Food window — critical:
Do NOT inject fasted or without carbohydrates nearby. IGF-1 LR3 lowers blood glucose via insulin-receptor cross-talk. Inject within 15–30 minutes of a carbohydrate-containing meal, or keep fast-acting carbs (glucose tabs, juice) on hand to counter any hypoglycemic episode.

Cycle & washout

LR3 is run in defined blocks rather than indefinitely — both to limit sustained pro-proliferative signaling and to prevent IGF-1 receptor down-regulation.

Standard cycle:
4–6 weeks of daily dosing is the most commonly cited block length. Some practitioners cap at 4 weeks and others push to 8; the shorter end is more conservative given the sustained growth-signaling concern.
Washout:
Equal or longer off period — typically 4–8 weeks. The theoretical rationale is receptor sensitivity restoration, though this has not been studied for LR3 in people.
No indefinite use:
Sustained IGF-1-receptor activation is mechanistically pro-proliferative (drives cell division, resists apoptosis), and a higher IGF-1 axis is epidemiologically linked to several cancers. The time-limited pattern reflects that theoretical concern, not a studied LR3-specific finding.

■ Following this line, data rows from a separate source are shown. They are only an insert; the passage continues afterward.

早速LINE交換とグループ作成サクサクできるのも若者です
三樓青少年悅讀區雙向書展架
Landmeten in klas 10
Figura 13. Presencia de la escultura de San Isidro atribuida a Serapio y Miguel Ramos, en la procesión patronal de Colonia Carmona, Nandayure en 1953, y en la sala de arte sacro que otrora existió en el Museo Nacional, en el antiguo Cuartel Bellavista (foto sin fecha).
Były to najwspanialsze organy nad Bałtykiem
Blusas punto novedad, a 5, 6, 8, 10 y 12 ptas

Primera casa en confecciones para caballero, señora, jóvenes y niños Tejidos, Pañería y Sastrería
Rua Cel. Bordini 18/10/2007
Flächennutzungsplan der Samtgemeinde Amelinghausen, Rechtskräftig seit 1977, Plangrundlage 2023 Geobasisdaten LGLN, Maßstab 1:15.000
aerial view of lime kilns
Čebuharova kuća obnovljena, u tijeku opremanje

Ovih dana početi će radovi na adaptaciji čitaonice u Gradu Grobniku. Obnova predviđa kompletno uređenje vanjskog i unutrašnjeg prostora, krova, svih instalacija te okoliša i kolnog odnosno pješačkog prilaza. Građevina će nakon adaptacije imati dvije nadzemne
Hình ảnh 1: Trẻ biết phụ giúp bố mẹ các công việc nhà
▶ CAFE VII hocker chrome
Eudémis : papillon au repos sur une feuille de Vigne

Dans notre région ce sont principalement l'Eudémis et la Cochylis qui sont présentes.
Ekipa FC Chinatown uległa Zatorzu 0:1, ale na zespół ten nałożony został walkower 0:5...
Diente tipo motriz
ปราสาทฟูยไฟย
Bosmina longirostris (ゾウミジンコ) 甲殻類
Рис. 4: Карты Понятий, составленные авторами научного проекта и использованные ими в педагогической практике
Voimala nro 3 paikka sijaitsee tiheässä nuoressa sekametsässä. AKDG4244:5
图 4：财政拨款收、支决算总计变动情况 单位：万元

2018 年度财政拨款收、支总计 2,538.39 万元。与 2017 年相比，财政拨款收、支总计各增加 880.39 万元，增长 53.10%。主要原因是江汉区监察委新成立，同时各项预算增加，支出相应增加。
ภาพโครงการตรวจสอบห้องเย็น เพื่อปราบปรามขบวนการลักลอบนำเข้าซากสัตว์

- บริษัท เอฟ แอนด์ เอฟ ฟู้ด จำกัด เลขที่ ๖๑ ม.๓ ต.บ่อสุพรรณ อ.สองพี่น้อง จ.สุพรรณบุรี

Reconstitution at a glance

The on-page calculator does this live; the quick reference for the standard 1 mg vial:

Mixing:
1 mg vial + 1 mL bacteriostatic water = 1,000 mcg per mL. On a 100-unit (1 mL) U-100 insulin syringe: 20 mcg = 2 IU · 30 mcg = 3 IU · 40 mcg = 4 IU · 50 mcg = 5 IU.
Why 1 mL:
Gives a 1:1 ratio that keeps the math simple — each 1 IU on the syringe equals exactly 10 mcg of peptide at this dilution.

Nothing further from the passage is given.